2. It distributes the system metadata allowing shared file access without a central bottleneck.

Metadata server is scalable enough, thus client requests don’t hit to a single server every time. It also slices data file and replicates to multiple disks.

How data is accessed in Parallel

This architecture defines a new & more intelligent disk interface called the Object based Storage Device (OSD). The OSD is a network-attached device containing the storage media, disk or tape, and sufficient intelligence to manage the data that is locally stored.
The compute nodes communicate directly to the OSD to store and retrieve data(bypassing the metadata server). Since the OSD has intelligence built in there is no need for a file server to intermediate the transaction.

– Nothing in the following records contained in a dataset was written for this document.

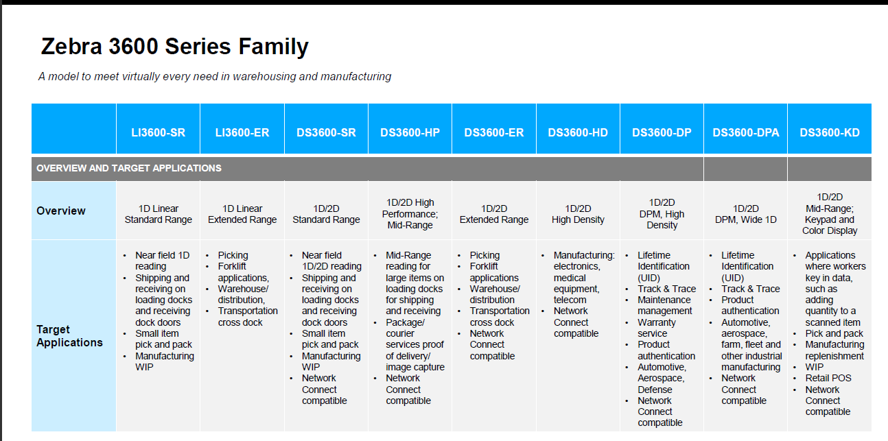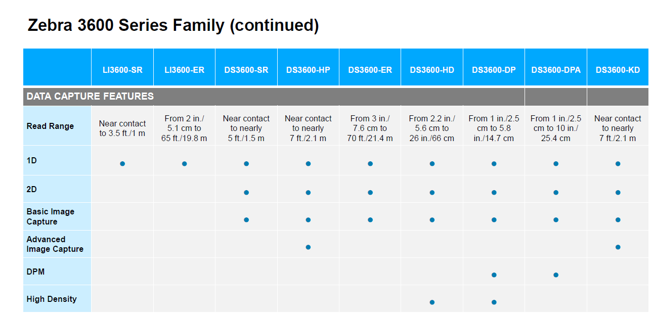 คุณสมบัติหลัก Main specification Barcode Scanner Wireless Zebra DS3678 (1D,2D)
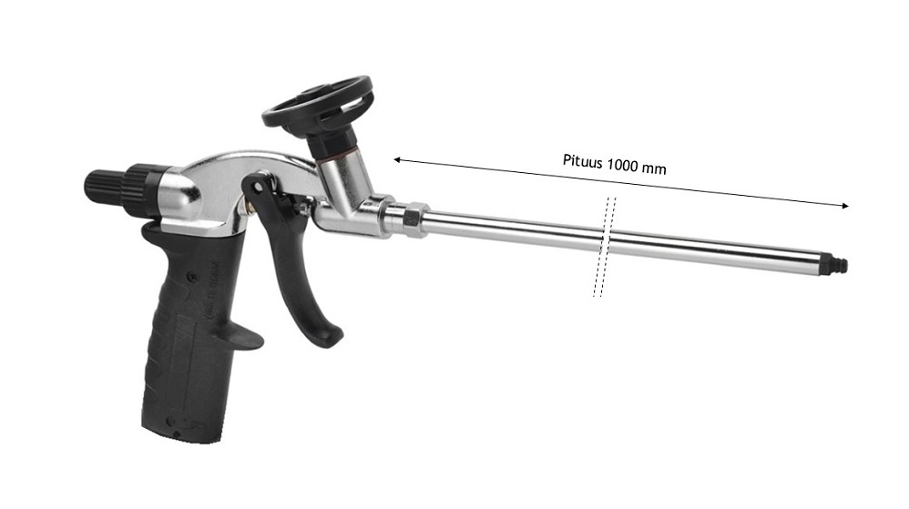 Korkeatasoinen ja erittäin kestävä vaahtopistooli jatkuvaan ammattikäyttöön. Varustettu 1000 mm pitkällä metallisuuttimella. Tarkka ja nopea pursotusnopeuden säätö.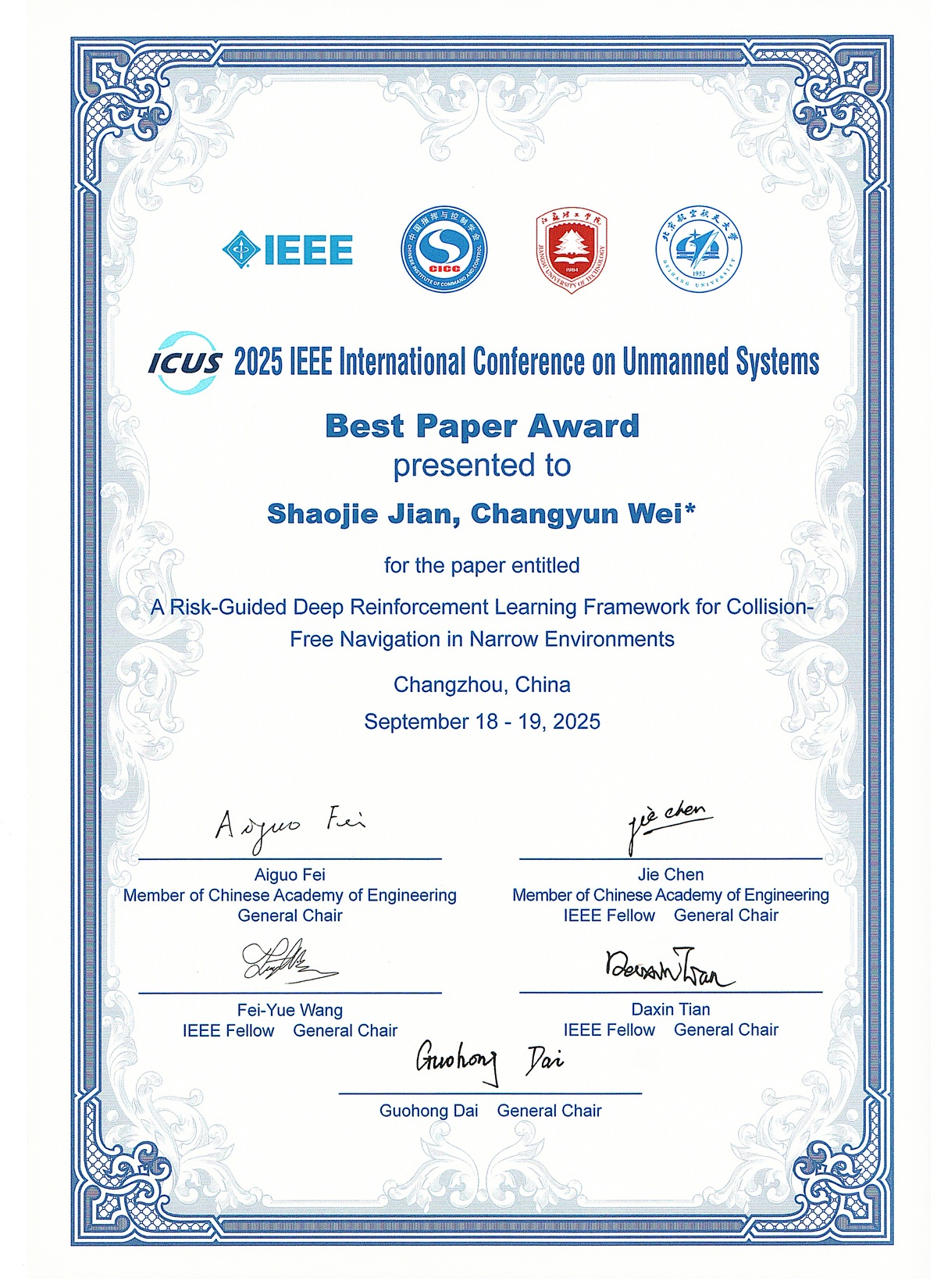2025年9月18-19日,由中国指挥与控制学会、IEEE 南京分会主办,中国指挥与控制学会无人系统专业委员会承办的 2025 第八届 IEEE 国际无人系统大会(ICUS 2025)在江苏常州召开。机电工程学院硕士研究生简少杰(导师:魏长赟教授)以第一作者身份发表的论文,荣获大会最佳论文奖,论文题目为《A Risk-Guided Deep Reinforcement Learning Framework for Collision-Free Navigation in Narrow Environments》。

Also file system stripes the data across a number of OSDs, the aggregate I/O rates and data throughput rates scale linearly.

As an example, a single OSD attached to Gigabit Ethernet may be capable of delivering 400 Mbps of data to the network and 1000 storage I/O operations, but if the data is striped across 10 OSDs and accessed in parallel, the aggregate data rates achieve 4,000 Mbps and 10,000 I/O operations.

What happens behind the scene at Distributed Metadata

In traditional storage system has a single monolithic metadata server that serves two primary functions.

>> First, it provides the compute node with a logical view of the stored data (the Virtual File System or VFS layer), the list of file names, and typically the directory structure in which they are organized.

>> Second, it organizes the data layout in the physical storage media (the inode layer).

The Object Storage Architecture divides the logical view of the stored data (VFS layer) from the physical view (the inode layer) and distributes the workload allowing the performance potential of the OSD to avoid the metadata server bottlenecks found in today’s NAS systems.

The VFS portion of the metadata typically represents approximately 10% of the workload of a typical NFS server, while the remaining 90% of the work is done at the inode layer with the physical distribution of data into storage media blocks.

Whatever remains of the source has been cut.